Тебе надо как-то приехать ко мне. Есть тут у нас теперь «камара-одиночка», как называл сии заведения мой разлюбезный папуля, с книгами, папками, где пахнет книжным тленом и клеем. Можешь в ней запираться хоть на неделю, никто и не заметит, даже если помрёшь. Тогда и о делах поговорим, хотя дела кругом, прямо сказать... но заработок на дорогу какой-нибудь изобретём тебе.
Кланяюсь, обнимаю. Виктор Петрович
1985 г.
(Г.Ф.Шаповалову)
Дорогой Жора! Вроде весна наступает и у нас, правда, не очень торопится, ночами холодно, однако длинная и холодная зима, кажется, позади. Я, правда, маленько её, зиму, сократил — ездил в декабре в Японию, там было плюс 5-15. Для меня это в самый раз, а япошки говорят: «Холодно».

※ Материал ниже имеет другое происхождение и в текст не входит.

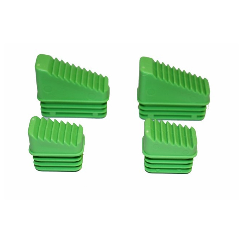 Contera de plástico verde diseñados para encajar en las patas de escaleras Vivahogar de 7-8 peldaños, en un conjunto de 4 unidades. Estas conteras están específicamente fabricadas para escaleras de forma rectangular y se pueden empotrar fácilmente. Son ideales para proteger el suelo y proporcionar estabilidad a la escalera, además de prolongar su vida útil.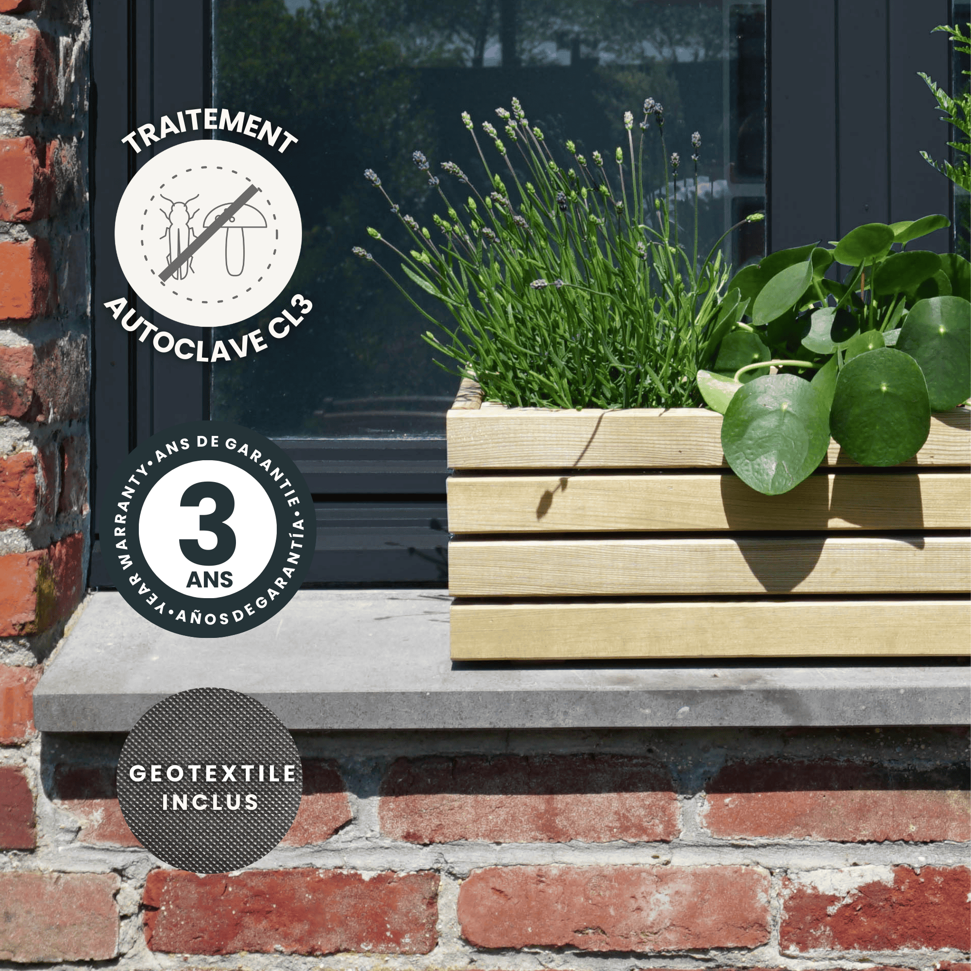 Fabriquée en pin sylvestre traité autoclave classe 3, la jardinière HORIZON bénéficie d’une résistance exceptionnelle aux intempéries ainsi qu’aux champignons et insectes. Durable et robuste, elle peut être utilisée plusieurs années sans altération. Pour encore plus de sérénité, elle est certifiée PEFC, gage de gestion responsable des forêts.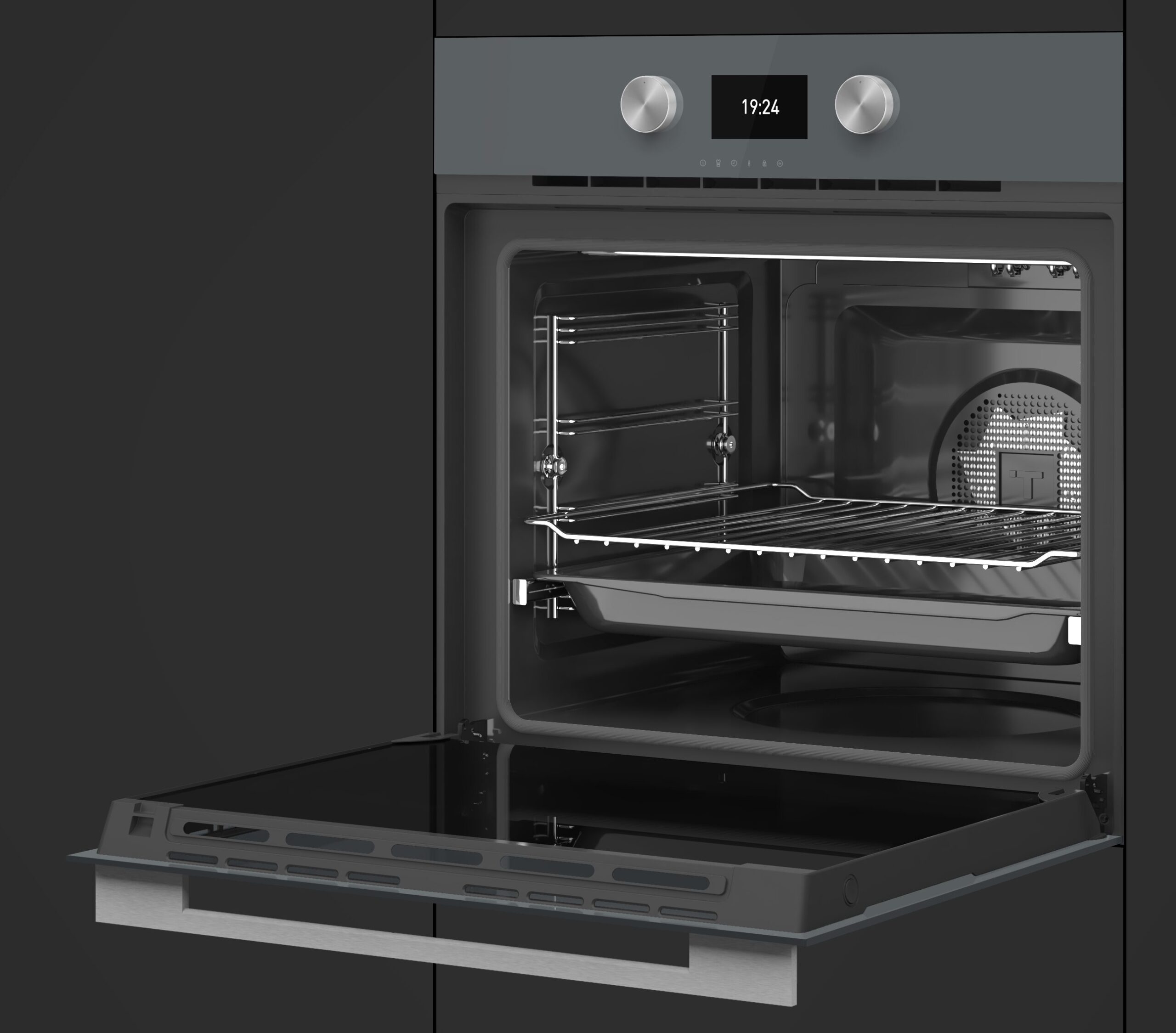 Selkeä TFT-värinäyttö tekee ohjauksesta intuitiivista. SoftClose-ovi sulkeutuu pehmeästi ja äänettömästi, ja teleskooppikiskot mahdollistavat turvallisen ja helpon pellin ulosvedon. Lapsilukko lisää turvallisuutta perhekäytössä.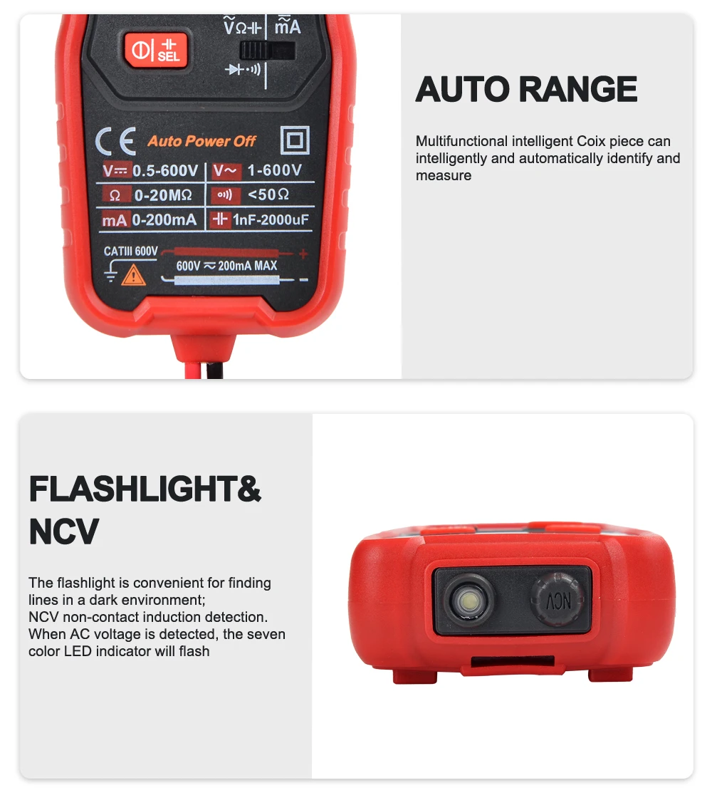 1. Этот измеритель представляет собой портативный цифровой мультиметр. Он имеет стабильную производительность, высокую точность, низкое энергопотребление, новую структуру, безопасность и надежность. Это идеальный счетчик для пользователей.2. Измеритель может измерять напряжение постоянного тока, напряжение переменного тока, сопротивление, непрерывность тестового зуммера; Он имеет функцию Бесконтактного обнаружения напряжения (NCV), незамедлительно напоминая пользователям обратить внимание на безопасную работу, делает пользователей более безопасными и уверенными.3. Этот мультиметр имеет автоматический диапазон, автоматическое отключение (около 15 минут без работы), подсветка, освещение и хранение данных, измерение живого провода, Предупреждение о низком напряжении, Частота дискретизации: около 3 раз в секунду, ЖК-дисплей: 3 1/24. Этот прибор спроектирован и изготовлен в строгом соответствии со стандартом безопасности IEC61010 и соответствует стандарту двойной изоляции и перенапряжения 600 В CAT III

Поездка была интересная, хотя и пришлось мне много поработать: выступал, встречался с писателями и студентами, побывал во многих городах, в Хиросиме — тоже. Вблизи увидел последствия атомной бомбардировки и ясно представил себе, что ждёт людей, если случится ядерная война. Лучше до этого и не доживать: война, на которой мы с тобой были, — игрушка по сравнению с ужасами войны будущей.

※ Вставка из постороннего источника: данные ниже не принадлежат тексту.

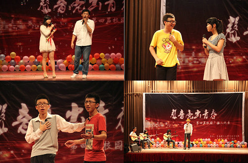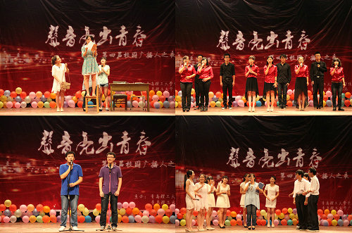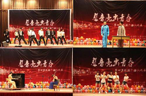 在活力四射、青春飞扬的开场舞中,晚会帷幕徐徐拉开。晚会由广播站全体成员出演,许多毕业多年的校园广播人荣归母校,与在校生同台演出。整台晚会节目精彩纷呈,充分展示了大学校园广播人的多才多艺和丰富创意。中英文配音表演惟妙惟肖,体现出校园广播人不错的播音功底;相声《校园大话吐槽》、《好好学习》紧密接轨大学校园生活,包袱不断,既赞扬了认真学习、勇担责任等大学校园里好的风气,同时也善意讽刺了部分大学生中存在的不良习气,幽默诙谐之中折射出当代大学生对学习生活的深刻反思、对做人做事的真诚感悟。由同学们自编自导自演的情景剧《广播站纳新的那些事》、音乐剧《花开的声音》通过一幅幅日常学习生活片断,充分呈现出丰富多彩的校园文化和积极向上的青春活力。除了语言类节目之外,钢琴与琵琶的器乐合奏中西交融,令人耳目一新;从容悦耳的和声、动感时尚的舞蹈、清新婉转的情歌对唱、校园气息浓厚的吉他乐队演出都博得在场观众阵阵掌声。最后,来自天南地北的广播站毕业生共同朗诵的诗歌《一生有你》,饱含深情、真挚深切,诉说了对美好时光、美丽校园以及广播人难忘经历的赞美之意,依恋之情。
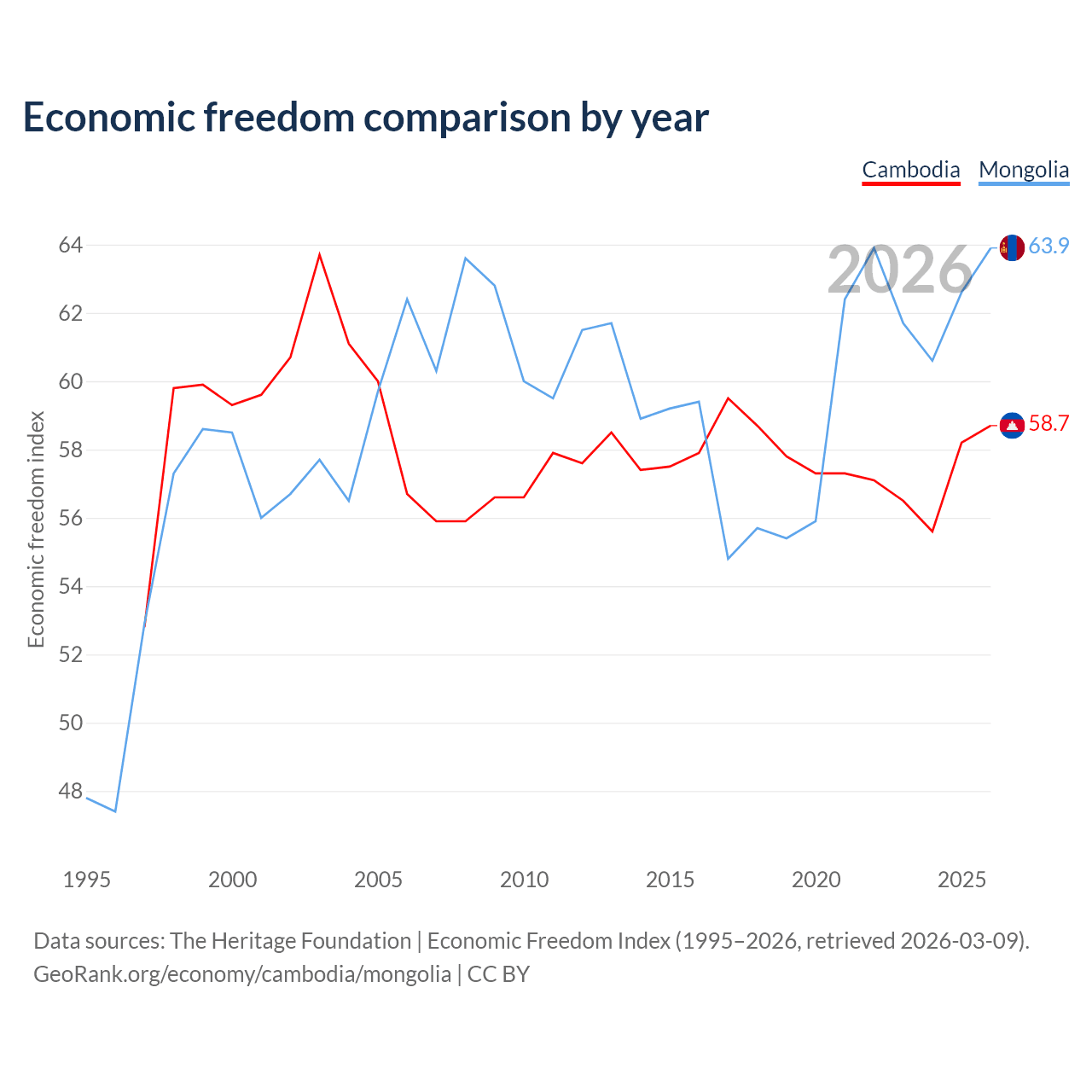 The Economic Freedom Index for Cambodia is 58.7, ranking 108/197, compared to 63.9 for Mongolia, ranking 76/197. The chart above displays a comparison of annual changes in economic freedom indexes.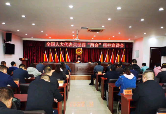 买世蕊分享了在全国两会期间的参会感悟和收获。主要围绕习近平总书记在两会期间重要讲话精神、两会概况、政府工作报告和计划、全国人大常委会工作报告、全国政协常委会工作报告、国务院机构改革等方面,向我镇的50余名干部传达学习了全国两会精神,激励广大干部群众感恩奋进,以实际行动奋力推动全国两会精神在我镇迅速落地生根、开花结果。

После поездки сидел дома, много работал. Не знаю только зачем. Просят, умоляют написать о войне, напишешь — не проходит в печать: всем нужна война красивая и героическая, а та, на которой мы были, с грязью, вшами, подлецами-комиссарами вроде начальника политотдела нашей дивизии — такая война никому не нужна, а врать о войне я не могу, ибо чем больше врёшь о войне прошлой, тем ближе становится война будущая.
Но всё равно живу работами и заботами. К будущей зиме, здоров буду, надеюсь закончить новую книгу рассказов и, может, сделаю, точнее, доделаю маленькую повесть, а скорее, маленький роман.
С успехом прошёл по телевидению фильм по моему сценарию «Ненаглядный мой». С тем же режиссёром собираемся работать над трёхсерийным телефильмом «Где-то гремит война». Я ещё сделал инсценировку для местного театра ко Дню Победы, и ещё много чего поделал. Очень устал. Твой Виктор
1985 г.
(И.П.Борисовой)
Дорогая Инна Петровна!
Посылаю Вам (в «Новый мир») два, не скрою, дорогих мне рассказа (может, оттого что я давно их не писал, самостоятельных и больших рассказов, и разгон начался с «Медвежьей крови» — спасибо ему хоть за это!). Рассказы эти помогли мне преодолеть душевную депрессию и творческий застой, хотя по мелочам много чего делал — да всё не то...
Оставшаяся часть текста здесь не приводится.